Vestavia sipped his scotch while Derain and Ostrovsky listed environmental changes in Australia and Russia. Ostrovsky finished with, “Likewise, the ‘green’ initiative continues to grow at a rapid pace that will peak as we intended, well ahead of the next phase. We quickly approach the time when every decision, from corporations to governments to individual households, will be based on being green, which will only make our task that much easier to accomplish in this era.”

“We better hit our timeline after what we’ve spent developing global warming and the green organizations,” Vestavia added. “If our ancestors hadn’t screwed up so badly-”

Ostrovsky interjected. “Our ancestors had right idea but poor execution.”

“They didn’t have our resources,” Stoke said in defense of their Angeli ancestors.

Bardaric finally weighed in. “Oh, please. Even in the Dark Ages they should have anticipated the extent of the damage. The Black Plague was impossible to control. Look what happened with AIDS. We lost valuable assets we might not have if our fathers and grandfathers had strategized better.”

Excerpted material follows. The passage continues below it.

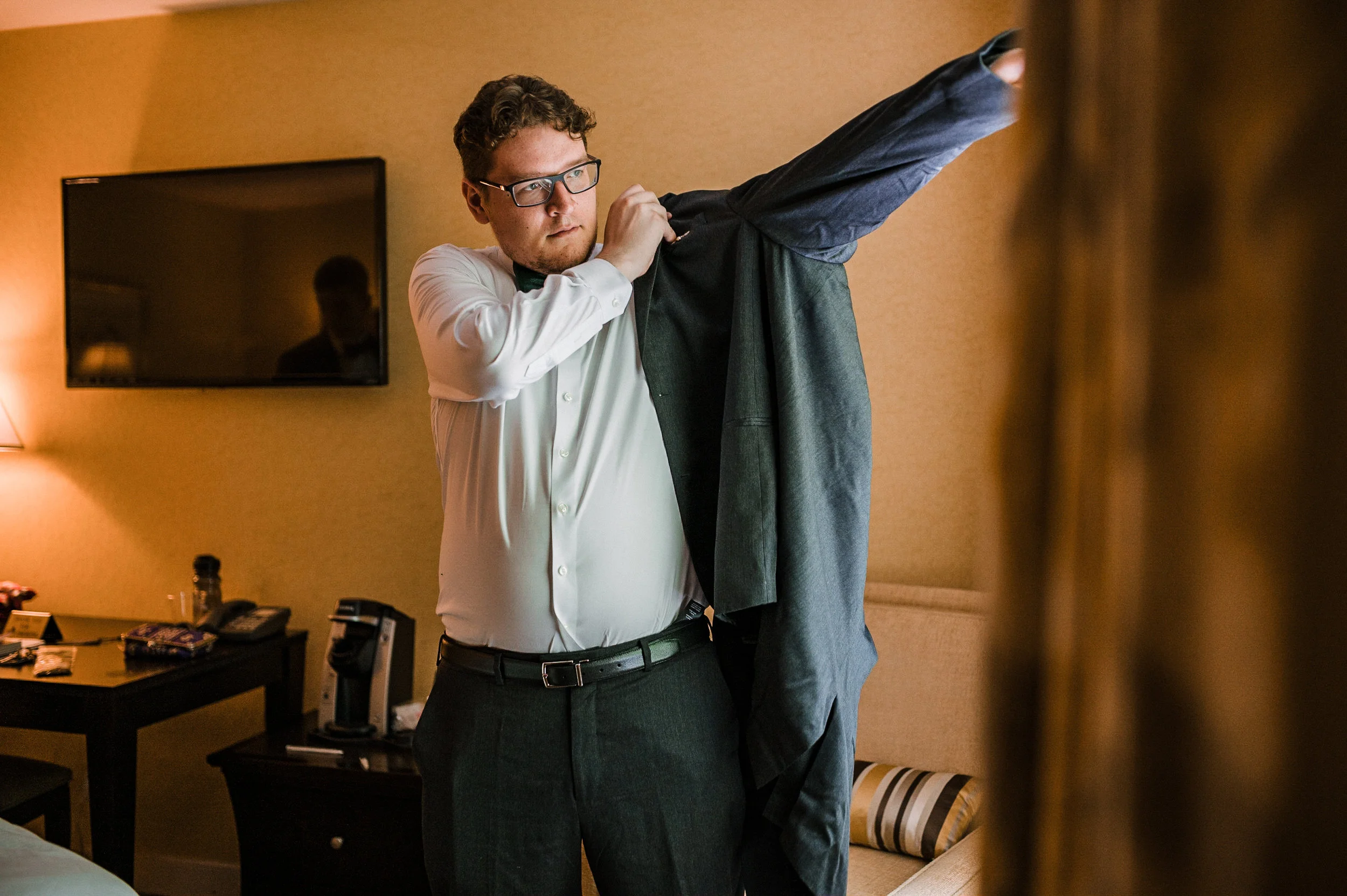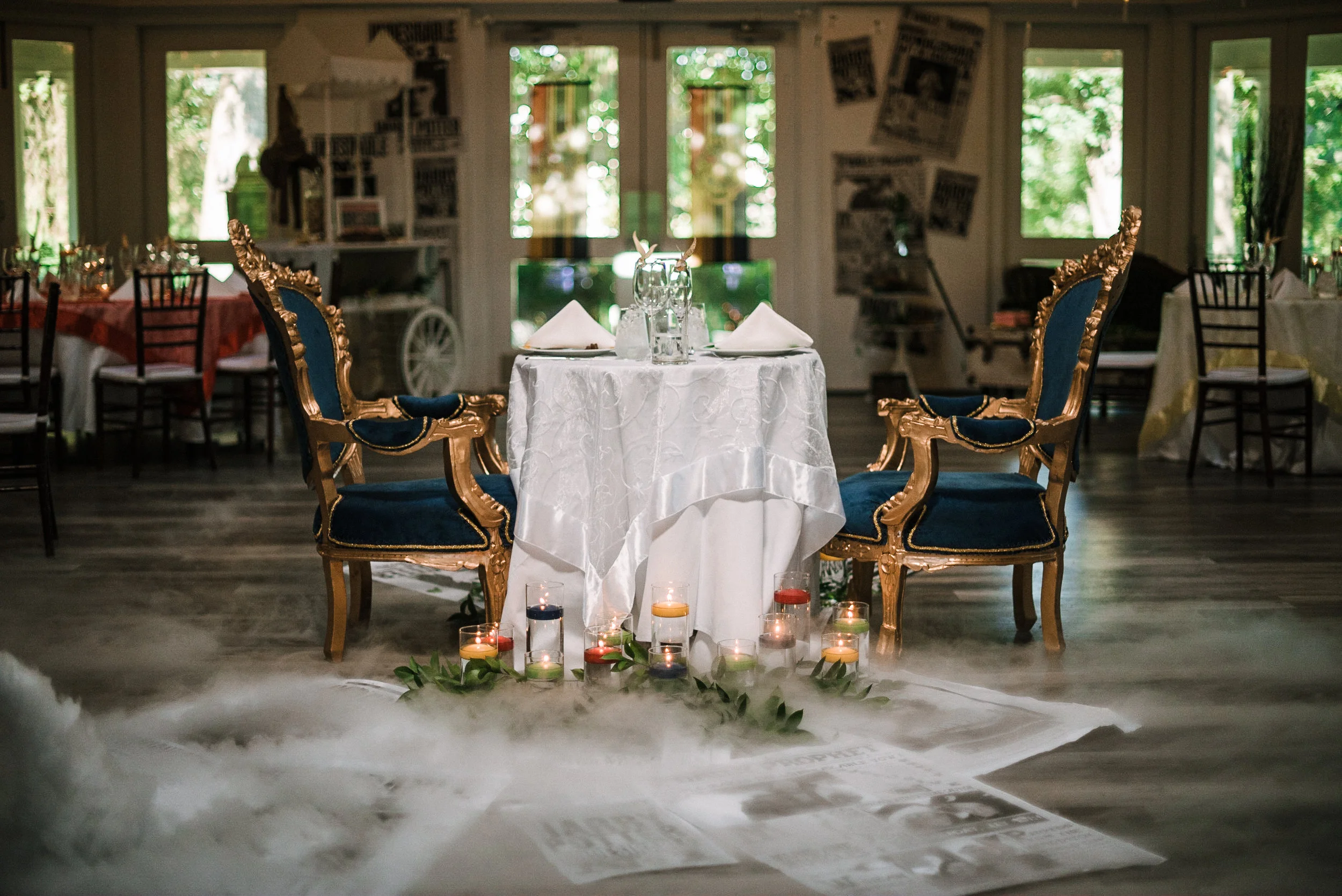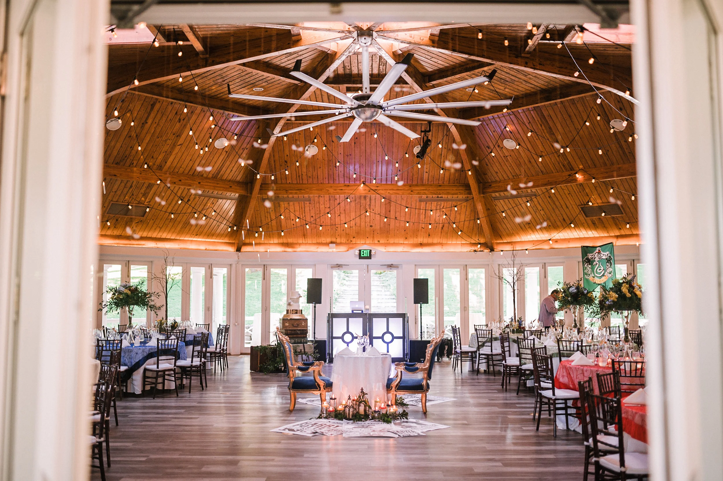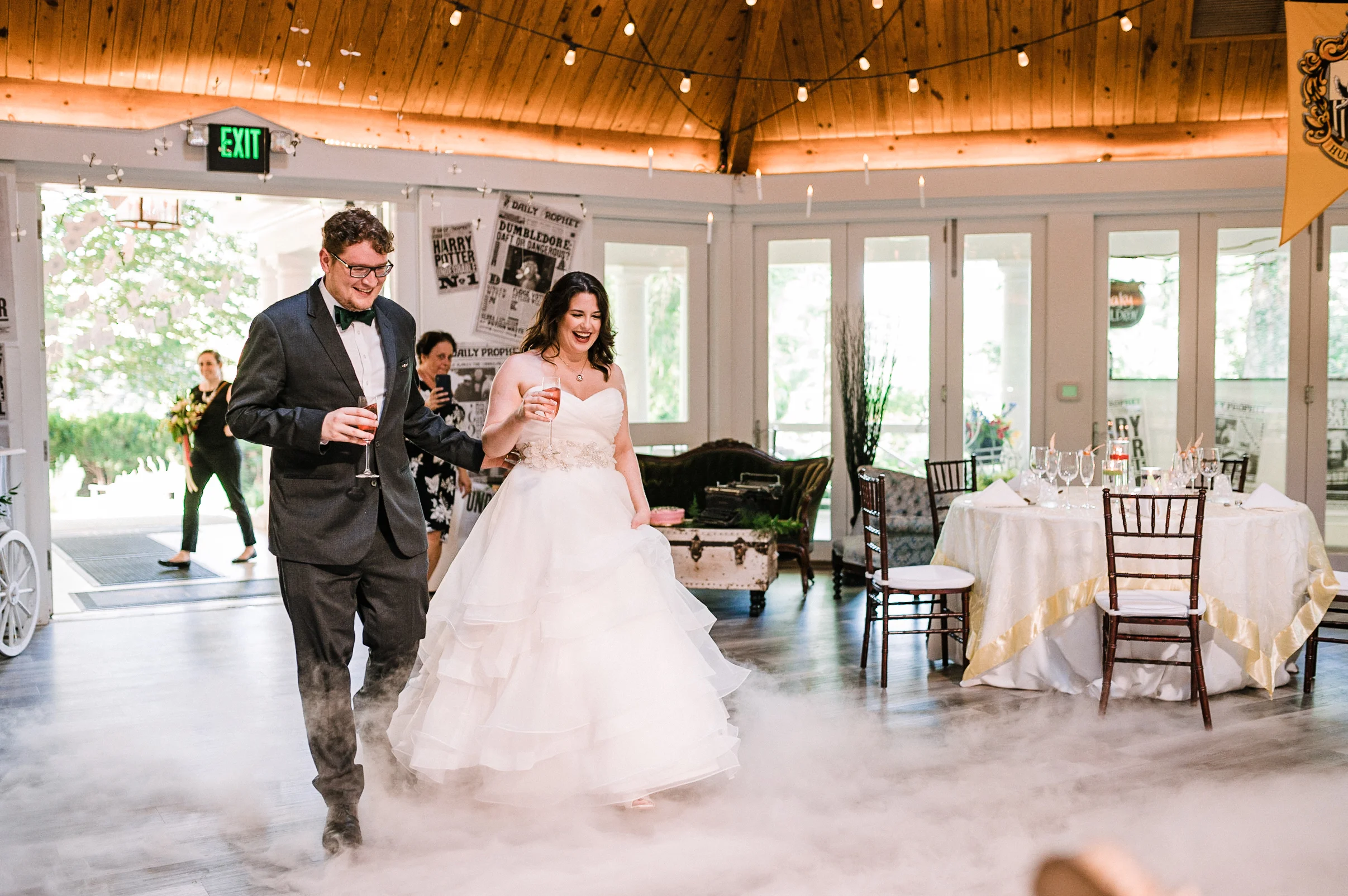 This fun-filled wedding began with Ali & Jonathan getting ready at separate location in Warrenton, Virginia. After getting ready, the bride & groom decided to do a first look where Jonathan’s reaction was completely sweet and priceless. We got some great portraits of these two lovebirds and their wedding party and soon came their awesome ceremony. This Harry Potter themed wedding got started with their Deathly Hallows themed altar. After their super sweet ceremony, came their magical reception with the BEST Harry Potter details to decorate their day. Their reception was filled with spell casting, dancing, and lots of laughs, for very magical evening.

Chike lifted his wide chin and spoke with a deep voice. “Perhaps they thought they could see the future, just as we believe we can. We have the most advanced team of physicists, environmentalists, scientists, doctors, engineers ever created, but no one can predict the outcome of what we have put into motion.”

Bardaric scowled and leaned forward. “I disagree.”

Vestavia let Bardaric and Chike go at it, just as they used to in college. Ostrovsky would rein them in soon before testosterone levels red-zoned. Everyone on this Council had been raised by a ruthless father, men who instilled in their sons the passion necessary to lead the world into the final Renaissance phase.